第一百零八章 熱吻言和
翌日清晨天還未亮,部隊已經集結準備出發,走出帳篷,徐妙錦不由得打個寒顫,粹雪連忙拿出白狐絨邊鵝黃色鬥篷替她披好,“天氣涼,姐姐身子向來弱,斷不可著了風寒。”
她含笑凝望著粹雪不語。
“粹雪對貴妃的關切真是叫臣妾自歎不如,看著貴妃和粹雪的姐妹情深,臣妾著實欣羨至極。”達瓦嬌笑著走過來道。
“離啟程怕是還有一會功夫,婉良娣有欣羨旁人的心思,倒不如好好放在安胎龍嗣之上,況且天寒地凍,若是妹妹有半點閃失,可要叫陛下心疼了。”徐妙錦瞥她一眼後淡淡說道。
“姐姐教訓的是,要怪都怪臣妾自己,昨晚本該勸陛下節製一下的,無奈陛下太過熱情,讓臣妾難以抗拒,至今還覺得渾身酸痛呢。”說著,達瓦含羞般低頭偷笑。
粹雪氣得麵色如紙般蒼白,走上前攙扶著徐妙錦的手高聲道:“貴妃娘娘,陛下還在等著,快走吧,免得一會陛下又等急擔心了。”
徐妙錦心知粹雪這話無非是要氣達瓦,不免無奈含笑隨她而去,同達瓦擦肩而過時,她忽聞達瓦用一個低不可聞的聲音在她耳畔含笑道:“徐妙錦?”

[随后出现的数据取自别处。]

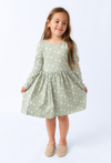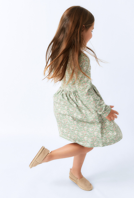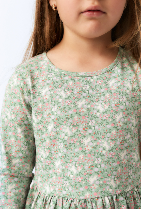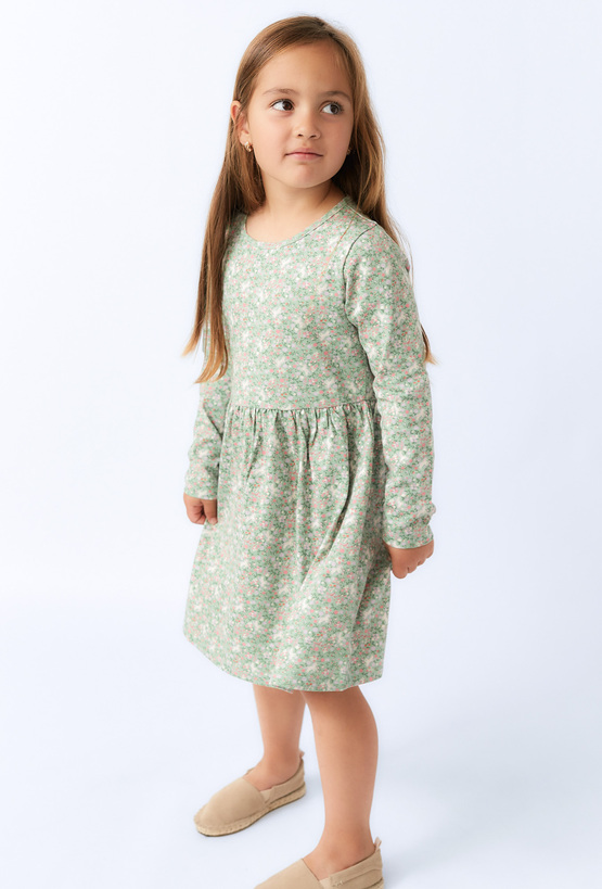 Sukienka dziewczęca z długim rękawem – zielona w kwiatki

她整個人都僵住,粹雪不解地望著她滿臉驚愕的麵容,又望向盛氣淩人的達瓦。
隻見她依舊麵若桃花般踱步至她們麵前,輕聲對攙扶自己的婢女道:“臘梅,我們走,否則一會陛下真的要等急了。”達瓦可以將‘真的’二字說的格外清晰明亮,語畢她大笑著離開。
“真是欺人太甚!”粹雪跺腳氣道。
“怎麽會?”徐妙錦蹙眉沉思,“她怎麽會知道?”
“知道什麽?”粹雪小聲問。
“她怎麽會知道我是徐妙錦?”她抬起頭迎上粹雪驚愕的目光。
整整一天,徐妙錦滿心都是這件事,就連中午用膳的時候都是心不在焉的模樣,端坐在主位的朱棣放下手中的筷子,對福貴遞個眼色,福貴便心領神會地走到徐妙錦身邊低聲道:“娘娘怎麽不用膳?可是不合口味?”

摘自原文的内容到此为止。